For a dilute solution, Raoult’s law states that:
(A) the relative lowering of vapour pressure is equal to the mole fraction of the solute
(B) the relative lowering of vapour pressure is equal to the mole fraction of the solvent
(C) the relative lowering of vapour pressure is proportional to the amount of solute in the solution.
(D) the vapour pressure of the solution is equal to the mole fraction of the solvent

Answer 1

Hint: Revise the colligative properties concept and Raoult’s law for relative lowering of vapour pressure. Recollect the Raoult’s law for a solution of non-volatile solute to get the answer.

Complete answer:
- Raoult’s law states that, the partial vapour pressure of any volatile component of a solution is the product of vapour pressure of that pure component and the mole fraction of the component in the solution.
- The relative lowering of vapour pressure for the given solution is the ratio of vapour pressure lowering of solvent from solution to the vapour pressure of pure solvent.
- In the question, we have been asked Raoult’s law for a dilute solution. A dilute solution indicates a solution which has non-volatile solute.
- Consider a solution of having solute, A and solvent, B with the mole fraction ${{x}_{A}}$ and ${{x}_{B}}$ respectively. Now, A is non-volatile so it won’t evaporate and thus, doesn’t contribute to the total vapour pressure of solution.
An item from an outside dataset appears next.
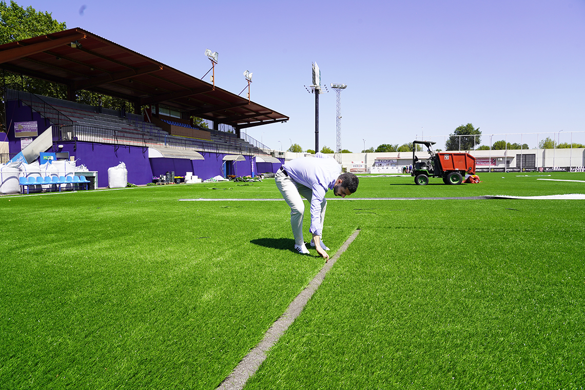 Aprovechando el parón veraniego de competiciones deportivas, se está renovando el césped artificial del Campo de Fútbol Las Veredillas que estaba muy deteriorado por su uso intensivo. El nuevo césped se instala sobre una superficie de 7.600 metros cuadrados y es de última generación, tipo Xtreme XP60, modelo FIFA, muy resistente a las inclemencias meteorológicas y al desgaste por su utilización prolongada.

The vapour pressure of pure solvent is $p_{B}^{0}$ and that of solute A is $p_{A}^{0}=0$.
- Hence, vapour pressure of the solution will be,
\[\begin{align}
  & p=p_{A}^{0}+\left( p_{B}^{0}-p_{A}^{0} \right){{x}_{1}} \\
 & \therefore p=p_{B}^{0}{{x}_{B}} \\
\end{align}\]
- Now, lowering of vapour pressure is given by,
\[\begin{align}
  & \Delta p=p_{B}^{0}-p \\
 & =p_{B}^{0}-p_{B}^{0}{{x}_{B}} \\
 & \Delta p=p_{B}^{0}\left( 1-{{x}_{B}} \right)
\end{align}\]
- We know that, sum of the mole fraction of the components in a solution is equal to unity.
-Therefore, $1-{{x}_{B}}={{x}_{A}}$ and so get, $\Delta p=p_{B}^{0}{{x}_{A}}$
- The relative lowering of vapour pressure is given by,
\[\dfrac{\Delta p}{p_{B}^{0}}=\dfrac{p_{B}^{0}-p}{p_{B}^{0}}=\dfrac{p_{B}^{0}{{x}_{A}}}{p_{B}^{0}}={{x}_{A}}\]
- Therefore, relative lowering of vapour pressure is equal to ${{x}_{A}}$.
- Therefore, for a dilute solution, Raoult’s law states that the relative lowering of vapour pressure is equal to the mole fraction of the solute.
So, option (A) is the correct answer.

Note:
Remember according to Raoult’s law for dilute solution, the solute is non-volatile and the relative lowering of vapour pressure is equal to the mole fraction of the solute. Remember colligative properties are dependent only on the number of solute particles in the solution.